Exercise goal. Everything in the listing should be set down exactly, apart from the pictures.

Collected data.

***

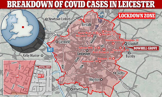 Pictured: The lockdown zone in Leicester, which has left some Britons in lockdown while their neighbours are not
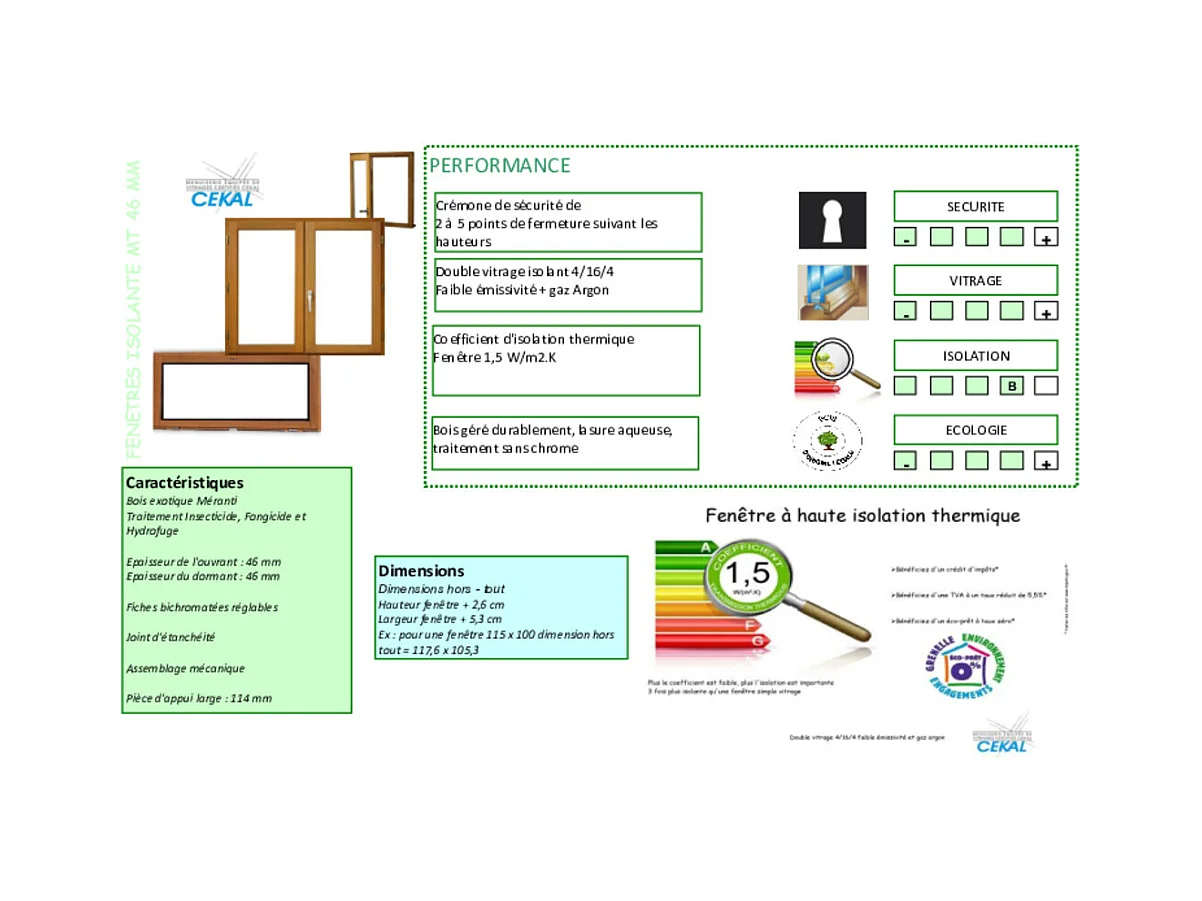 Fenetre Bois 1 Vantail H75 X L60 Tirant Gauche + Tapees Iso 120 (2 De 1,9m) + Poignee Gd Menuiseries
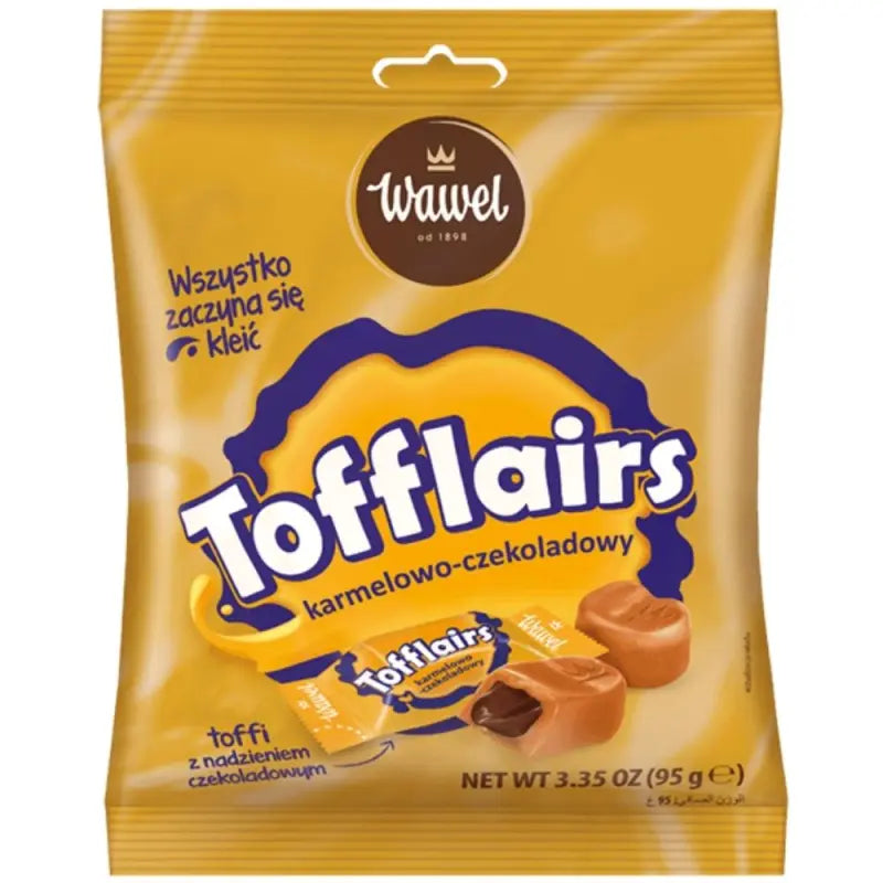 Oryginalne połączenie legendarnego smaku karmelu z gładkim, czekoladowym nadzieniem. Słodka dawka dobrego humoru, która pozostawi Cię w lepkiej konsystencji! Tofflairs łączą kremowy karmel z rozpływającą się w ustach czekoladą, tworząc nieodpartą ucztę. Idealne na przekąskę, do dzielenia się z przyjaciółmi lub jako mała nagroda w życiu codziennym.

***

Output for this task.
 Pictured: The lockdown zone in Leicester, which has left some Britons in lockdown while their neighbours are not
 Fenetre Bois 1 Vantail H75 X L60 Tirant Gauche + Tapees Iso 120 (2 De 1,9m) + Poignee Gd Menuiseries
 Oryginalne połączenie legendarnego smaku karmelu z gładkim, czekoladowym nadzieniem. Słodka dawka dobrego humoru, która pozostawi Cię w lepkiej konsystencji! Tofflairs łączą kremowy karmel z rozpływającą się w ustach czekoladą, tworząc nieodpartą ucztę. Idealne na przekąskę, do dzielenia się z przyjaciółmi lub jako mała nagroda w życiu codziennym.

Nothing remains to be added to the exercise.